From: Zide Chen <zide.chen@intel.com>
To: Peter Zijlstra <peterz@infradead.org>,
Ingo Molnar <mingo@redhat.com>,
Arnaldo Carvalho de Melo <acme@kernel.org>,
Namhyung Kim <namhyung@kernel.org>,
Ian Rogers <irogers@google.com>,
Adrian Hunter <adrian.hunter@intel.com>,
Alexander Shishkin <alexander.shishkin@linux.intel.com>,
Andi Kleen <ak@linux.intel.com>,
Eranian Stephane <eranian@google.com>
Cc: linux-kernel@vger.kernel.org, linux-perf-users@vger.kernel.org,
Dapeng Mi <dapeng1.mi@linux.intel.com>,
Zide Chen <zide.chen@intel.com>
Subject: [PATCH v3 0/8] perf/x86/intel/uncore: PMU setup robustness fixes
Date: Thu, 11 Jun 2026 09:00:25 -0700 [thread overview]

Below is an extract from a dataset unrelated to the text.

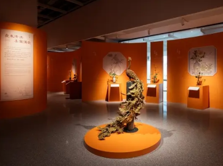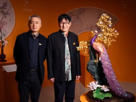 清供系列:朱炳仁、朱軍岷父子藝術作品合展。朱軍岷的盆景取各大博物館珍藏清供精髓,融東方美學,讓銅上開花。用傳統清供雅韻,環繞著朱炳仁大師的大型孔雀雕塑。
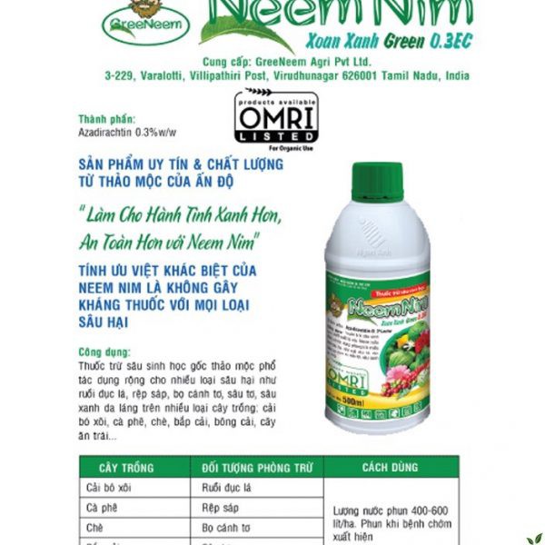 Giới thiệu Dầu Neem Hữu Cơ Bảo Vệ Cây Trồng 100ml- NEMNIM Ấn Độ 100ml cty Ngân Anh

Message-ID: <20260611160033.66760-1-zide.chen@intel.com> (raw)
This series fixes correctness issues in Intel uncore PMU setup:
- If all init_box() on a PMU fails, the PMU sysfs node may still exist,
while perf events read zeros and silently report wrong data.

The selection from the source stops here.